If we performed our sheep experiment many times, each time we would get a slightly different value of $S(\beta_{null})$ because of sampling error, even though $\beta_{null}$ doesn’t change. Therefore, $S(\beta_{null})$ has a variance, and this variance is estimated by $I(\beta_{null})$. If this variance is large, our estimate of the score is less certain, so we should be less confident in declaring that a large score means the true value of $\beta$ is far from $\beta_{null}$. Hence the division by the Fisher information.

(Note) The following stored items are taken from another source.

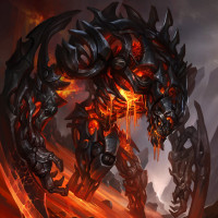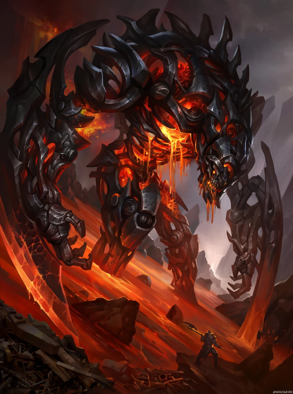 molten lava or magma, indicating a volcanic or infernal setting. The artwork showcases a dramatic and intense atmosphere, characteristic of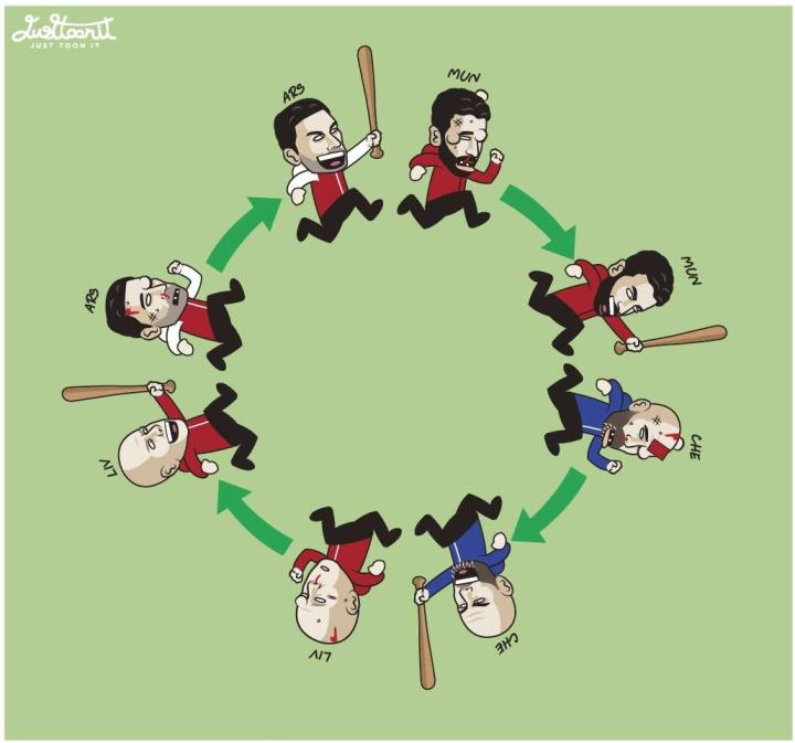 英超联赛食物链格局 阿森纳、切尔西、利物浦、曼联(表情符号) 漫画作品由泰国艺术家Kaew Justtoonit创作。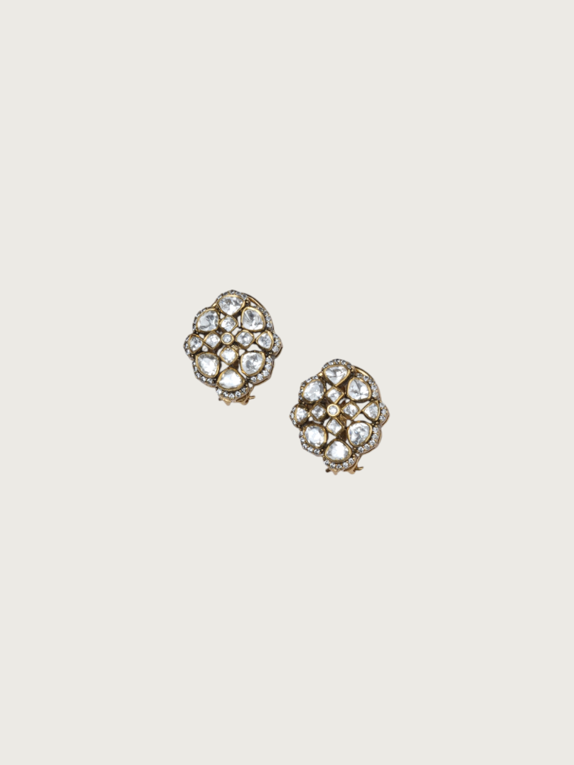 A classic tribute to vintage craftsmanship, these stud earrings crafted in 925 silver feature a delicate cluster of polki-style stones arranged in a blooming floral motif. The victorian-toned finish adds an antique charm, while the compact size ensures everyday elegance. Intricately designed with a traditional touch, these earrings reflect timeless sophistication with a sparkle that catches the light from every angle.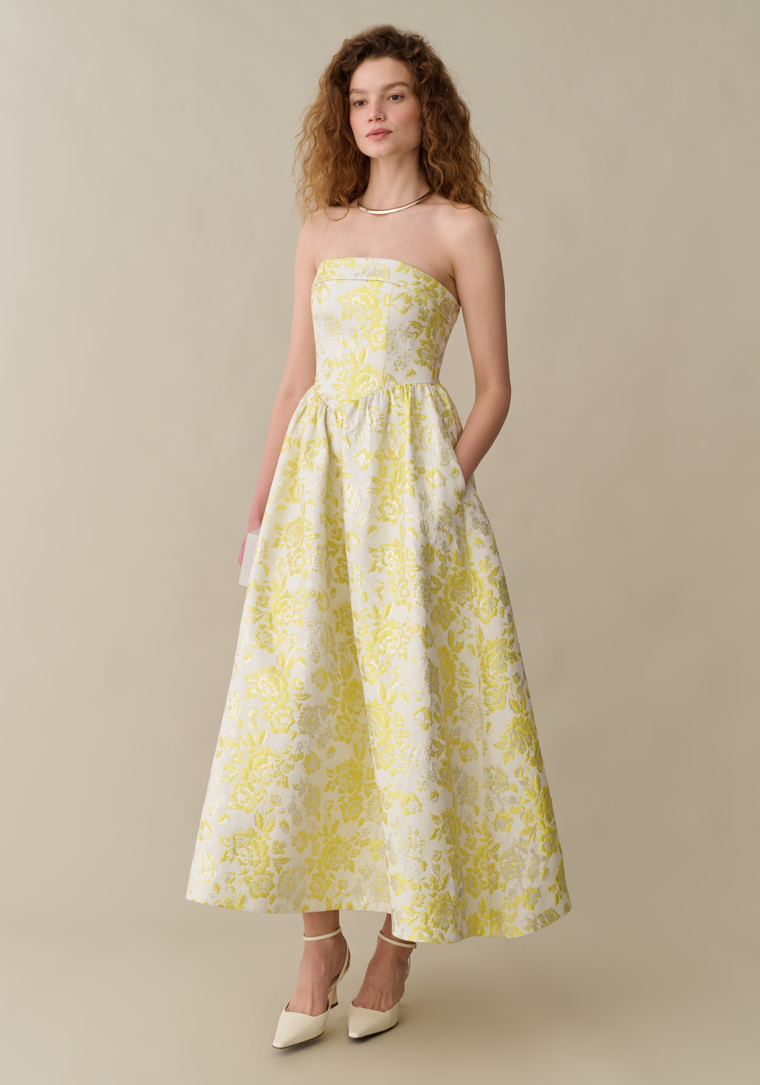 This strapless gown is crafted from a textured jacquard that catches the light with subtle dimension. The structured bodice and full, softly flared skirt create a timeless silhouette that feels both sculptural and effortless. Modern yet romantic, it’s a refined choice for weddings, galas, or evening occasions.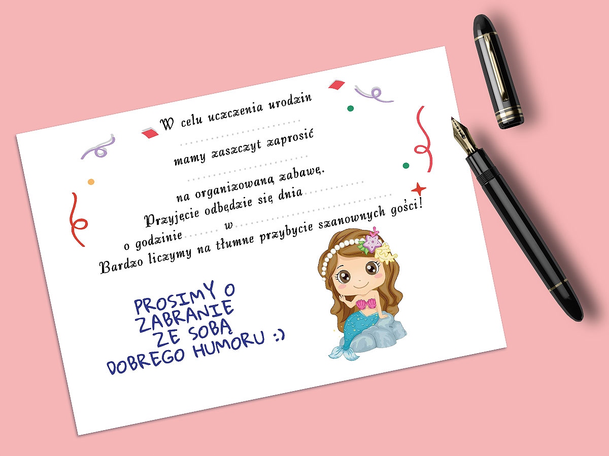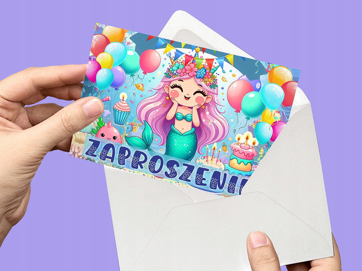 ZAPROSZENIE SYRENKA MAŁA SŁODKA NA URODZINY DZIECKA + KOPERTA GRATIS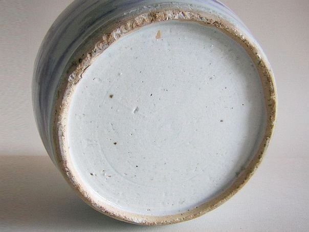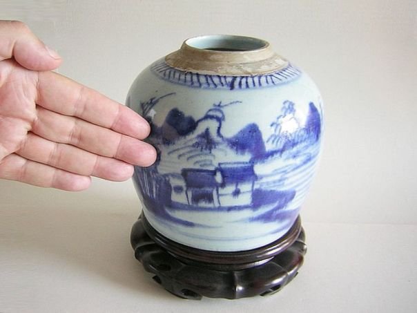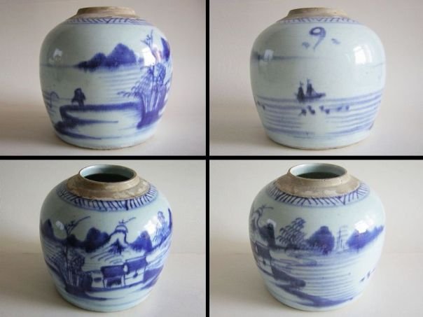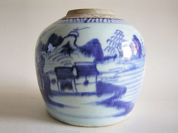 Porcelain storage jar decorated in blue and white with houses in a mountainous landscape. A figure on a river bank looks at a sailing boat. These food containers were exported from China in large numbers during the 18th and 19th centuries and are commonly known as ginger jars. Very often their porcelain lids are missing as in this case. It dates from the middle of the Qing period (1644 – 1912). Height 15.5 cm. Diameter jar 16 cm. Diameter base 14 cm.

The score test, Wald test, and LRT will all converge on the same test statistic as sample sizes grow, if the null hypothesis is true. The score test, much like the Wald test, does not perform as well as LRT on small sample sizes. However, you only have to fit a single model: the null model. Contrast this to the Wald test, where you only fit the alternative model. This property of the score test makes it a particularly good choice if you are testing lots of parameters simultaneously, and fitting the alternative model requires lots of computational resource.

A really accessible, but complete, and freely available introduction to likelihood-based hypothesis testing is Induction! An interactive introduction.